I have trouble understanding Hatcher's claim that the image of the boundary homomorphism in the long exact sequence of homology groups coincides with the image of Hurewicz map at the top of this page(Ex.4.2.23, where Y is obtained from X by attaching cells of dimension $n+2$).
It doesn't seem follow directly from the definition of Hurewicz map and/or definition of the boundary map. I think we need to find an appropriate interpretation of the boundary map(which can be proved to be equivalent to the definition of it).
Updated on 4/11:
Let $\alpha$ be a fixed generator of $H_n(D^{n+1}, \partial D^{n+1})\cong \mathbb Z$. Then the image of the Hurewicz map is $\{f_*(\alpha):[f]\in \pi_{n+1}(X) \}$ where $f_*$ is induced by $f:(D^{n+1}, \partial D^{n+1})\to (X,x_0)$.

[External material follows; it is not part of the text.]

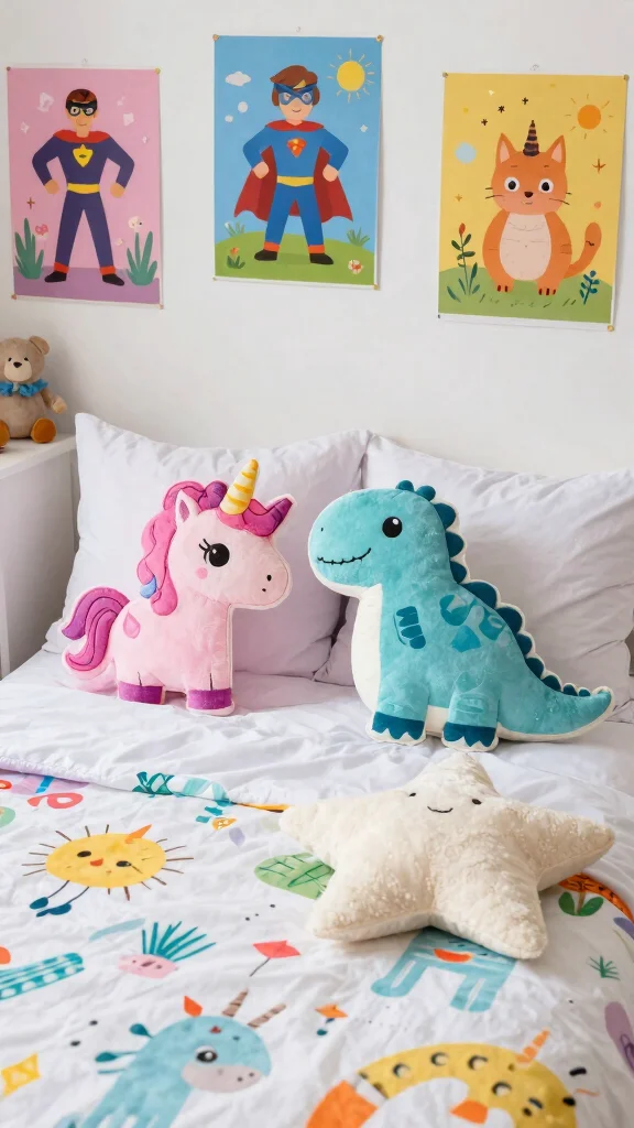– Mix character pillows with solid cushions to maintain balance.
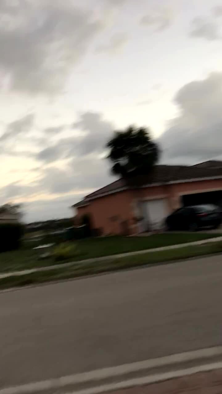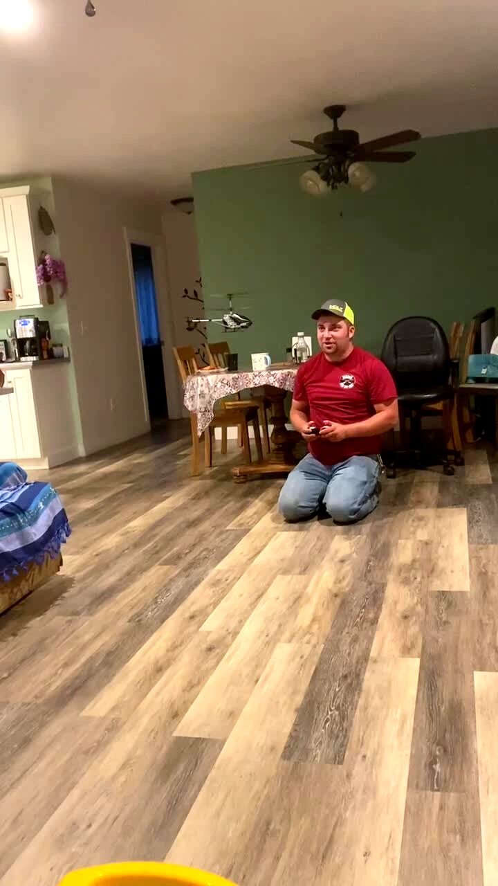 A man laughs in the driveway when a drone gets stuck in his wife's hair while he flies it.

On the other hand, the boundary map $\partial:H_{n+2}(Y,X) \to H_{n+1}(X)$ is defined by the diagram chasing. I can't see the connection between them from the definitions. If you would like to interpret $\partial$ in another way, please explain why this new interpretation coincides with the definition of $\partial$ defined by the diagram chasing.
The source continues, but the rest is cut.